Once you reach the line containing "rivalries is Preston." in the data below, restate each line word for word up to and including the one containing "通用磨坊 (NYSE:GIS - 獲取免費報告)".

Material for the task:
== Segment start ==

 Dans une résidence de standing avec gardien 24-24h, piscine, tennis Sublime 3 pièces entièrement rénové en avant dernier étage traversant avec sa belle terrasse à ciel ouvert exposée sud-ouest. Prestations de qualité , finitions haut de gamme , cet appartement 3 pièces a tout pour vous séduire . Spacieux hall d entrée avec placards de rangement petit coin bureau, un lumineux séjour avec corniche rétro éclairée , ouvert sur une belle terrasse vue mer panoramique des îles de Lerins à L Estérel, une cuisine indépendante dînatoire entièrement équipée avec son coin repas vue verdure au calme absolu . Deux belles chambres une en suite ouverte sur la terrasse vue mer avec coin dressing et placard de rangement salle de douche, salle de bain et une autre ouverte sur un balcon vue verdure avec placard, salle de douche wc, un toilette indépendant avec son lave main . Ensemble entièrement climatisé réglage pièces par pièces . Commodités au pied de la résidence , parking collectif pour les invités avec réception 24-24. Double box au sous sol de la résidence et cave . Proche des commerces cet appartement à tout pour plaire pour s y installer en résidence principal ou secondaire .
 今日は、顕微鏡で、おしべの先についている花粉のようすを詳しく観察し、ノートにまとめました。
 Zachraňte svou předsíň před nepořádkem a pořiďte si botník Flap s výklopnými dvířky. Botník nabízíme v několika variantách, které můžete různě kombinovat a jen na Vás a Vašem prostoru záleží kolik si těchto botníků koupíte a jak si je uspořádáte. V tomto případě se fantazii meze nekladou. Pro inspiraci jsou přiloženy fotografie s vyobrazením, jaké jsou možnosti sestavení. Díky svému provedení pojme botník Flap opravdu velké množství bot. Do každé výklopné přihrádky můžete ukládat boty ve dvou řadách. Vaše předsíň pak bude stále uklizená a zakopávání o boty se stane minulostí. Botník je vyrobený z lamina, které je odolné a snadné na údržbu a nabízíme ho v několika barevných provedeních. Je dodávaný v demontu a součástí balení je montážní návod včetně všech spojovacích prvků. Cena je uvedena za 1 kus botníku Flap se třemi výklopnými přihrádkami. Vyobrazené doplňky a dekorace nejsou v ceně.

== Segment end ==
== Segment start ==

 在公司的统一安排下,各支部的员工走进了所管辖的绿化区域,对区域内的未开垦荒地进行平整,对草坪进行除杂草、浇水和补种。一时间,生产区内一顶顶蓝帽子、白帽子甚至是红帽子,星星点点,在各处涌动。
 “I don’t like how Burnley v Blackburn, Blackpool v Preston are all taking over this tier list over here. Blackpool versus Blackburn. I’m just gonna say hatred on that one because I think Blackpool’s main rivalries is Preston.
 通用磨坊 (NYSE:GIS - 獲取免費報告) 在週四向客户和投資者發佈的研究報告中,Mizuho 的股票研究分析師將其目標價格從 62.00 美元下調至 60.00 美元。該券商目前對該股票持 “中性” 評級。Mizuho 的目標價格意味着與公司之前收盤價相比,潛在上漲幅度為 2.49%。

== Segment end ==

Expected answer:
 “I don’t like how Burnley v Blackburn, Blackpool v Preston are all taking over this tier list over here. Blackpool versus Blackburn. I’m just gonna say hatred on that one because I think Blackpool’s main rivalries is Preston.
 通用磨坊 (NYSE:GIS - 獲取免費報告) 在週四向客户和投資者發佈的研究報告中,Mizuho 的股票研究分析師將其目標價格從 62.00 美元下調至 60.00 美元。該券商目前對該股票持 “中性” 評級。Mizuho 的目標價格意味着與公司之前收盤價相比,潛在上漲幅度為 2.49%。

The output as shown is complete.